[MATERIAL FOR THE TASK]

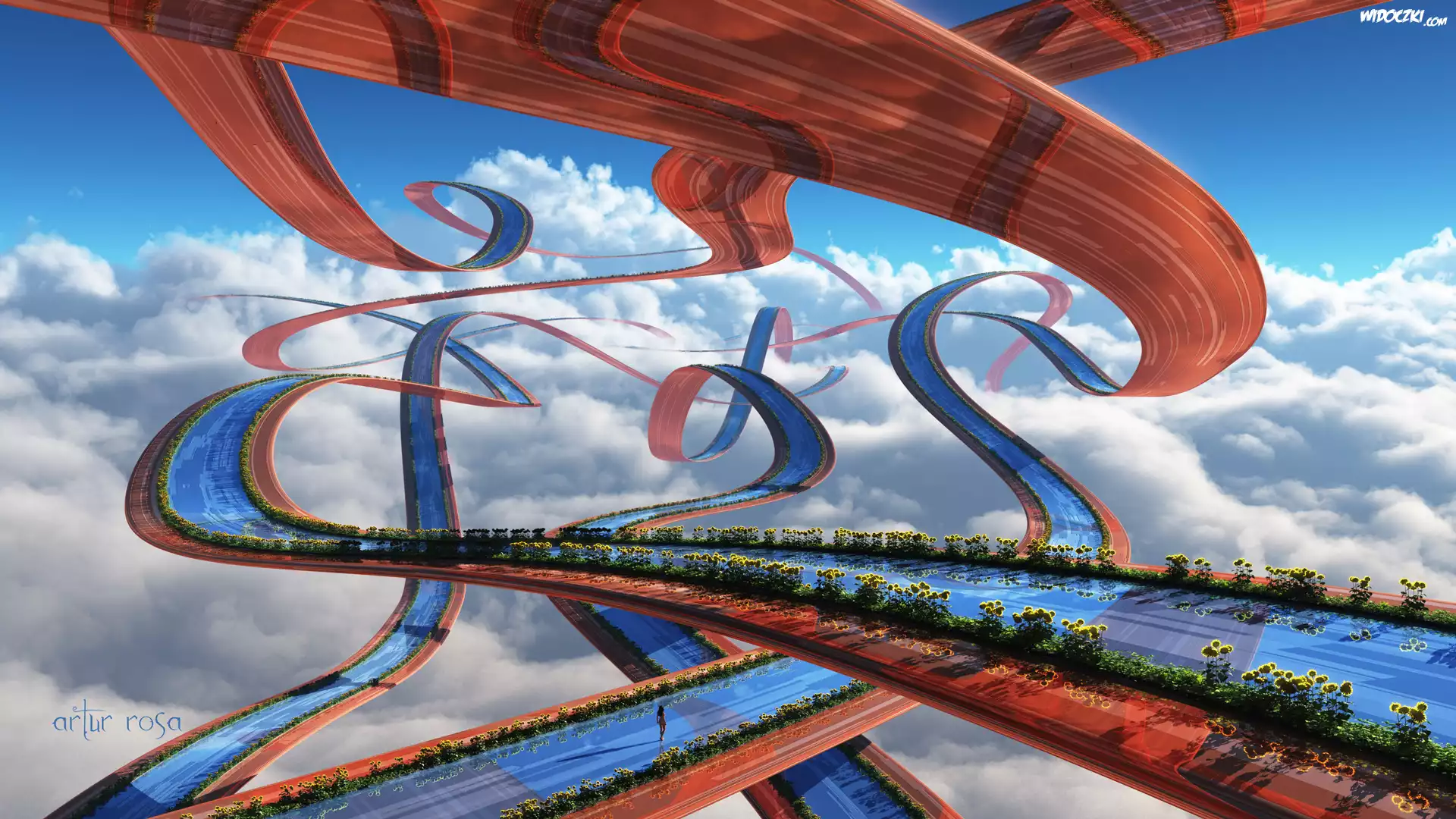 Zdj臋cia, Fantasy, Drogi, Chmury, Dziewczyna
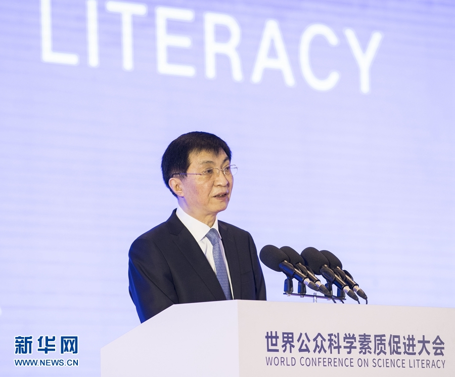 王滬寧表示,習(xí)近平主席專門發(fā)來賀信,充分肯定本次大會的重要意義,高度評價增強(qiáng)公眾科學(xué)素質(zhì)對構(gòu)建人類命運共同體的重要作用,體現(xiàn)了對增強(qiáng)公眾科學(xué)素質(zhì)的高度重視。習(xí)近平主席歷來高度重視科技創(chuàng)新和科技事業(yè),強(qiáng)調(diào)科技創(chuàng)新有賴公眾科學(xué)素質(zhì)的提升,要把科學(xué)普及放在與科技創(chuàng)新同等重要的位置,普及科學(xué)知識、弘揚科學(xué)精神、傳播科學(xué)思想、倡導(dǎo)科學(xué)方法。中國高度重視科學(xué)普及,頒布了科學(xué)技術(shù)普及法,為中國人民提供了便捷的科普服務(wù)。
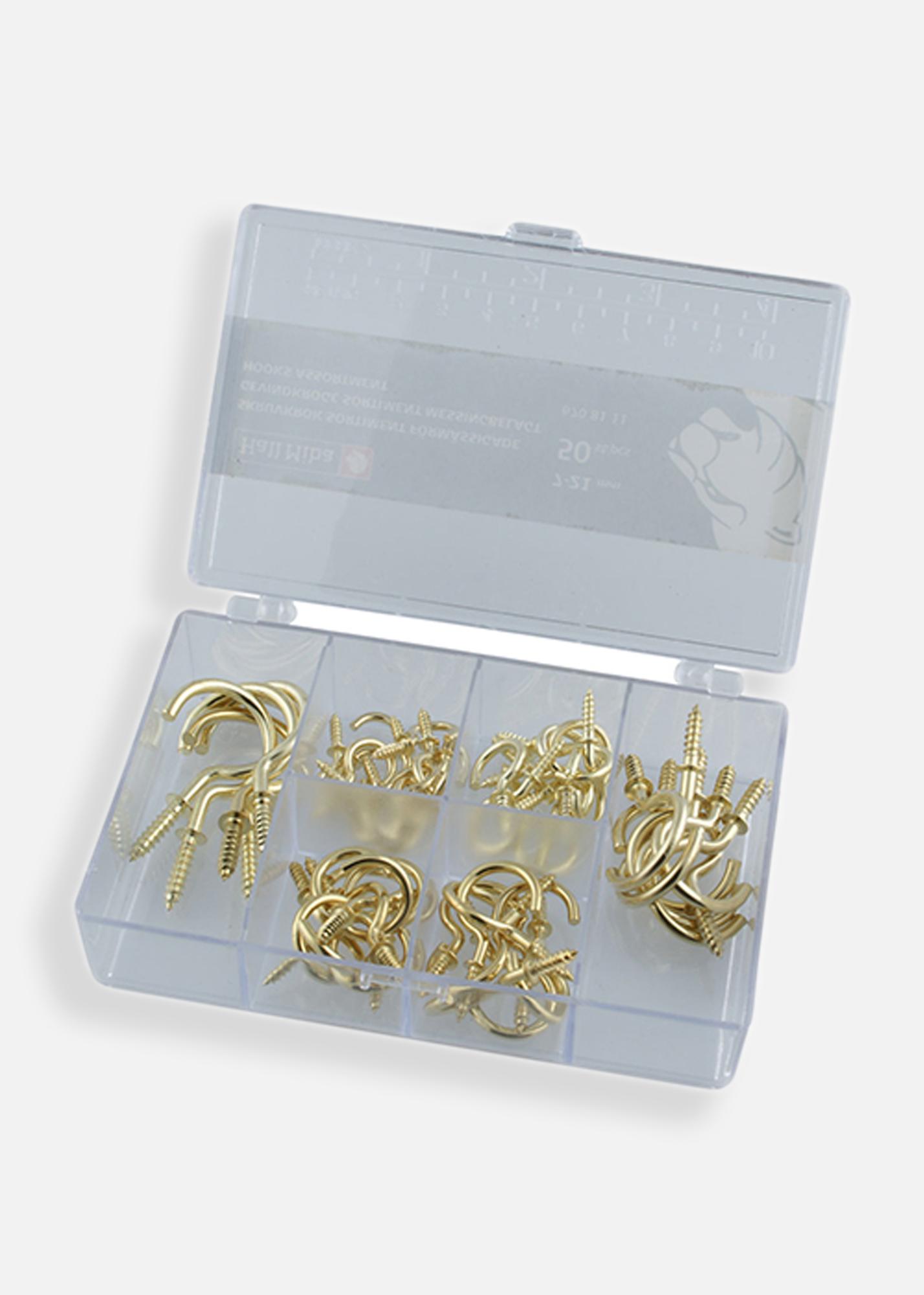 This hook assortment contains 50 brass-plated hooks in sizes between 7–21 mm. Perfect for various types of hangings in the home, whether it be pictures, decorations, or other small details. A practical set for those who want a smooth and stylish mounting option.
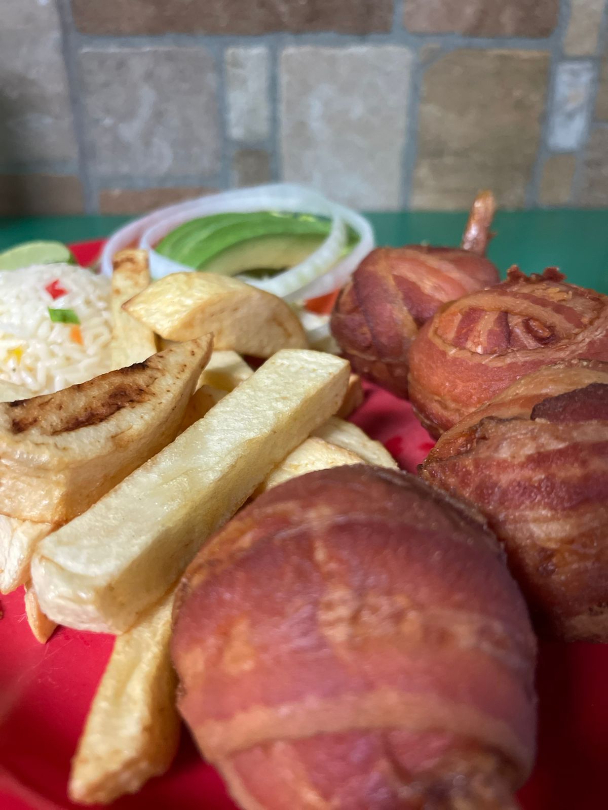 Servido en molcajete con guacamole
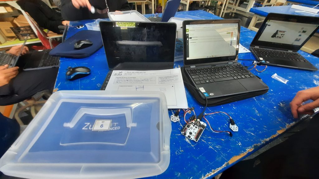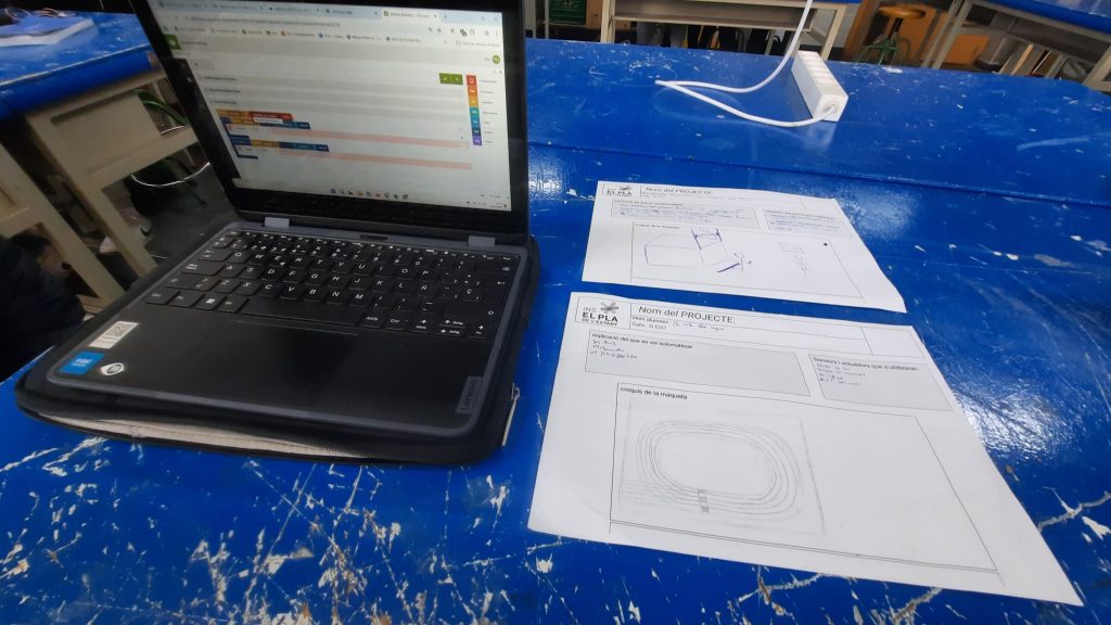 Anem treballant en l’automatització de diferents espais d’una pista d’atletisme. En petits grups l’alumnat programa diferents punts, alguns han escollit els accessos al recinte. Altres es centren en les competicions esportives: cronometratges, control de sortida de les curses, ….
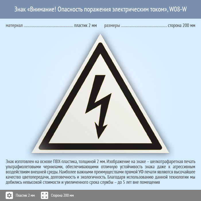 Знак W08-W «Внимание! опасность поражения электрическим током» (белый, пластик, сторона 200 мм) в Ачинске купить
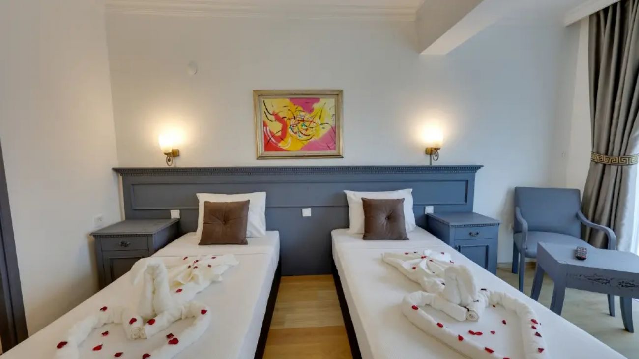 Хотелът разполага с общо 74 стаи - 58 Standard Room (25m2), 16 Superior Room (35m2). Всички оборудвани с климатик, телевизор, телефон, баня с душ, мини бар (празен), френски балкон или тераса. Почистване на стаите - всеки ден, смяна на спалното бельо и кърпите - на 3 пъти в седмицата.
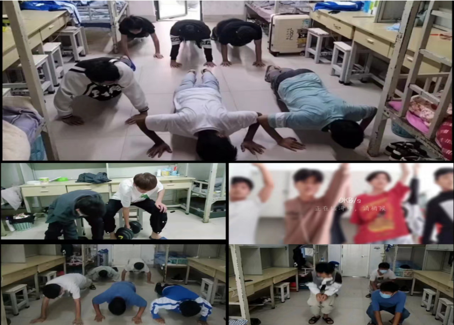 其次,積極引導(dǎo)健身鍛煉。通過(guò)樓棟群、班級(jí)群等平臺(tái)向同學(xué)們推介居家健身操和健身舞蹈,鼓勵(lì)學(xué)生從床上下來(lái),從被窩里出來(lái),伸伸腰,踢踢腿,活動(dòng)活動(dòng)筋骨,確保良好的身體素質(zhì)。
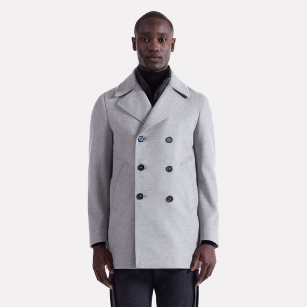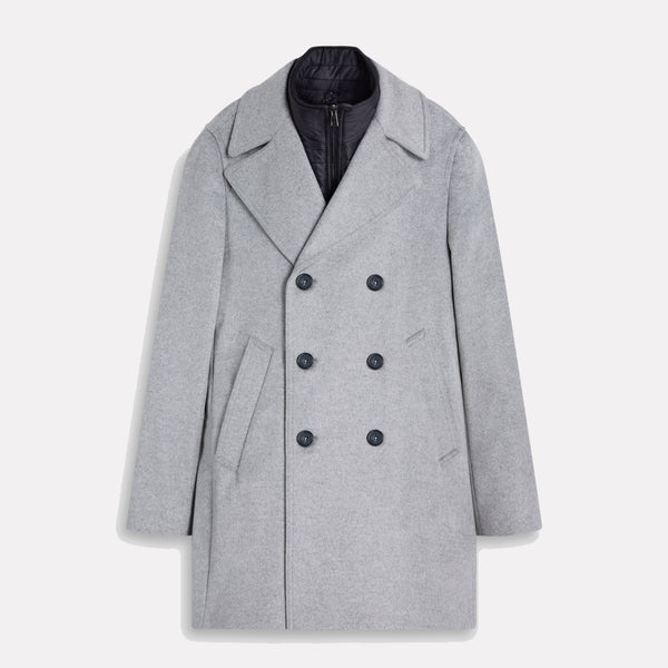 Light gray double-breasted pea-coat sets the tone. Black quilted vest adds modern edge. Burgundy sweater injects personality.
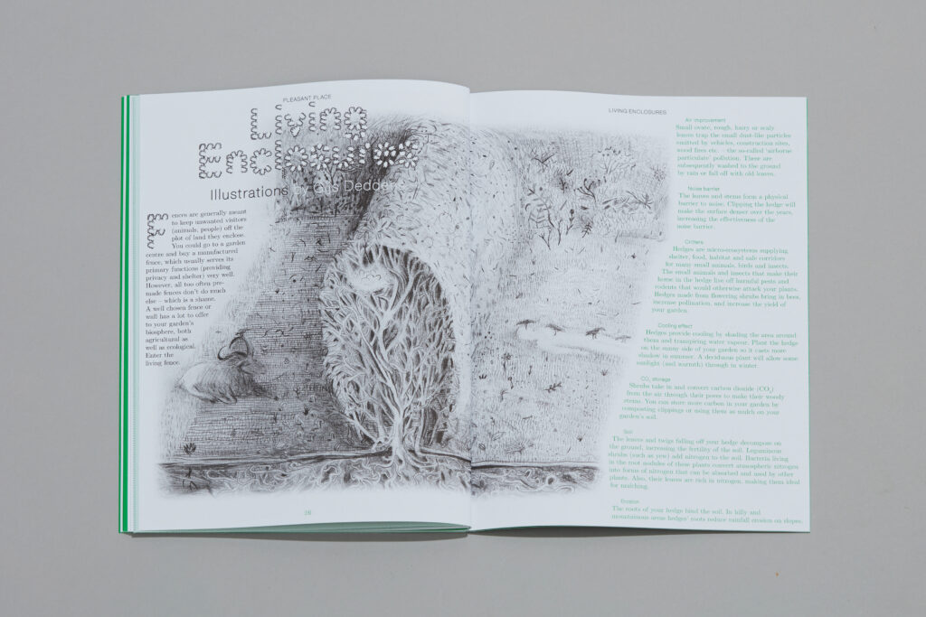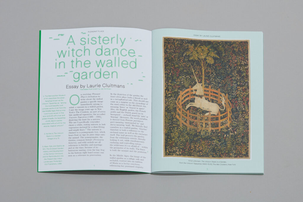 ‘Pleasant Place’ is a growing collection of publications about the art of gardening, offering both practical and in-depth information to everyday garden tasks and garden design. This first issue features essays such as ‘A Sisterly Witch Dance in the Walled Garden’ by Laurie Cluitmans, ‘New Enclosures’ on new experimental enclosures by artists Cindy Bakker, Iede Reckman, Jesse Greulich, and Daniel Slats, a photo-essay on Derek Jarman’s fenceless garden, an article on the benefits of ‘Living Enclosures’ with illustrations by Gijs Deddens, and a set of hortus conclusus miniatures by Sophie Artz.
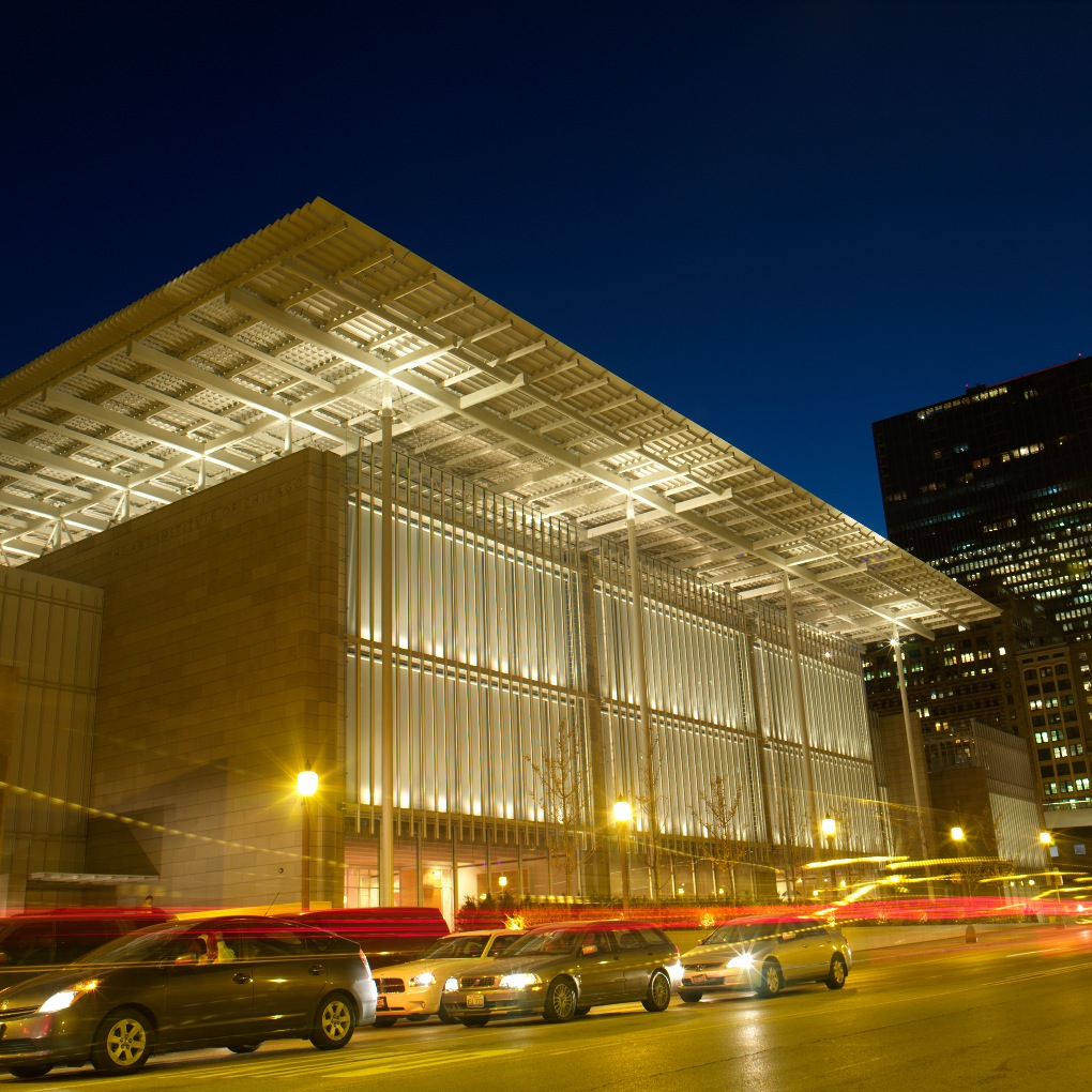 Architect Lorenzo Piano designed the Modern Wing to the Art Institute – daytime, the gallery light is perfect. Nighttime, the outside’s a gem.
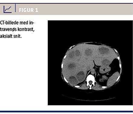 Ved en objektiv undersøgelse fandt man ømhed i epigastriet og under højre kurvatur samt hepatomegali. Biokemiske undersøgelser viste følgende værdier: leukocytose på 15,2 × 109/l og leverpåvirkning med aspartataminotransferase på 40 E/l, basisk fosfatase på 323 E/l og albumin på 34 g/l. Ved CT af abdomen blev der fundet 13 LA, normale galdeveje og intet oplagt primærfokus (Figur 1). Undersøgelse af urin viste normale forhold, og fæces var uden tarmpatogene bakterier eller parasitter.
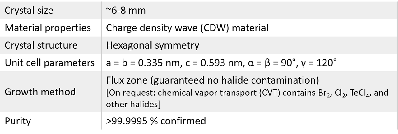 Flux zone vs. CVT growth method: Contamination of halides in layered crystals are well known cause for their reduced electronic mobility, reduced anisotropic response, poor e-h recombination, low-PL emission, and lower optical absorption. Flux zone technique is a halide free technique used for synthesizing truly electronic grade vdW crystals. This method distinguishes itself from chemical vapor transport (CVT) technique provides quick (~2 weeks) growth but poor crystalline quality while flux method takes ~3 months, ensures slow crystallization for perfect atomic structuring, and impurity free crystal growth. During check out just state which type of growth process is preferred. Unless otherwise stated, 2Dsemiconductors ships Flux zone crystals as default choice. Flux zone grown crystals come with guaranteed CDW behavior whereas CVT grown crystals might not exhibit CDW. If you research needs STM grade surfaces or even STM samples (flat crystals mounted on conductive STM holders) please contact us, we will be happy to arrange these samples.
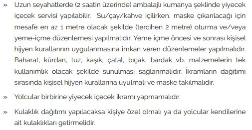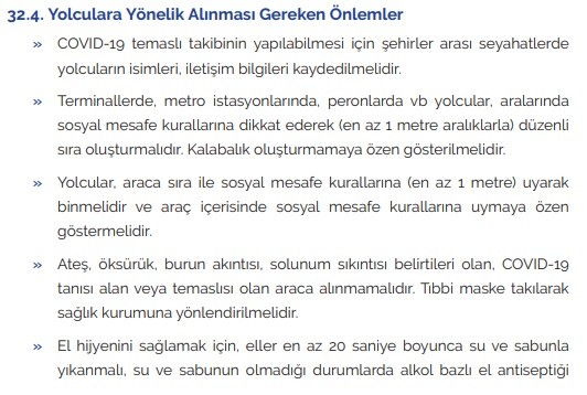 COVID-19 / Salgın Yönetimi ve Çalışma Rehberi’nde “Karayolu, Demiryolu ve Deniz Taşımacılığı ile ilgili alınması gereken önlemler” başlıklı kurallarda “Yolculara yönelik alınması gereken önlemler” ise şöyle belirtildi:

[/MATERIAL FOR THE TASK]

YOUR INSTRUCTIONS: Give back the exact lines above, running from the one that has "王滬寧表示,習(xí)近平主" through the one that has "Light gray double-breasted", with nothing added and no pictures.

REPLY TO THE TASK:
 王滬寧表示,習(xí)近平主席專門發(fā)來賀信,充分肯定本次大會的重要意義,高度評價增強(qiáng)公眾科學(xué)素質(zhì)對構(gòu)建人類命運共同體的重要作用,體現(xiàn)了對增強(qiáng)公眾科學(xué)素質(zhì)的高度重視。習(xí)近平主席歷來高度重視科技創(chuàng)新和科技事業(yè),強(qiáng)調(diào)科技創(chuàng)新有賴公眾科學(xué)素質(zhì)的提升,要把科學(xué)普及放在與科技創(chuàng)新同等重要的位置,普及科學(xué)知識、弘揚科學(xué)精神、傳播科學(xué)思想、倡導(dǎo)科學(xué)方法。中國高度重視科學(xué)普及,頒布了科學(xué)技術(shù)普及法,為中國人民提供了便捷的科普服務(wù)。
 This hook assortment contains 50 brass-plated hooks in sizes between 7–21 mm. Perfect for various types of hangings in the home, whether it be pictures, decorations, or other small details. A practical set for those who want a smooth and stylish mounting option.
 Servido en molcajete con guacamole
 Anem treballant en l’automatització de diferents espais d’una pista d’atletisme. En petits grups l’alumnat programa diferents punts, alguns han escollit els accessos al recinte. Altres es centren en les competicions esportives: cronometratges, control de sortida de les curses, ….
 Знак W08-W «Внимание! опасность поражения электрическим током» (белый, пластик, сторона 200 мм) в Ачинске купить
 Хотелът разполага с общо 74 стаи - 58 Standard Room (25m2), 16 Superior Room (35m2). Всички оборудвани с климатик, телевизор, телефон, баня с душ, мини бар (празен), френски балкон или тераса. Почистване на стаите - всеки ден, смяна на спалното бельо и кърпите - на 3 пъти в седмицата.
 其次,積極引導(dǎo)健身鍛煉。通過(guò)樓棟群、班級(jí)群等平臺(tái)向同學(xué)們推介居家健身操和健身舞蹈,鼓勵(lì)學(xué)生從床上下來(lái),從被窩里出來(lái),伸伸腰,踢踢腿,活動(dòng)活動(dòng)筋骨,確保良好的身體素質(zhì)。
 Light gray double-breasted pea-coat sets the tone. Black quilted vest adds modern edge. Burgundy sweater injects personality.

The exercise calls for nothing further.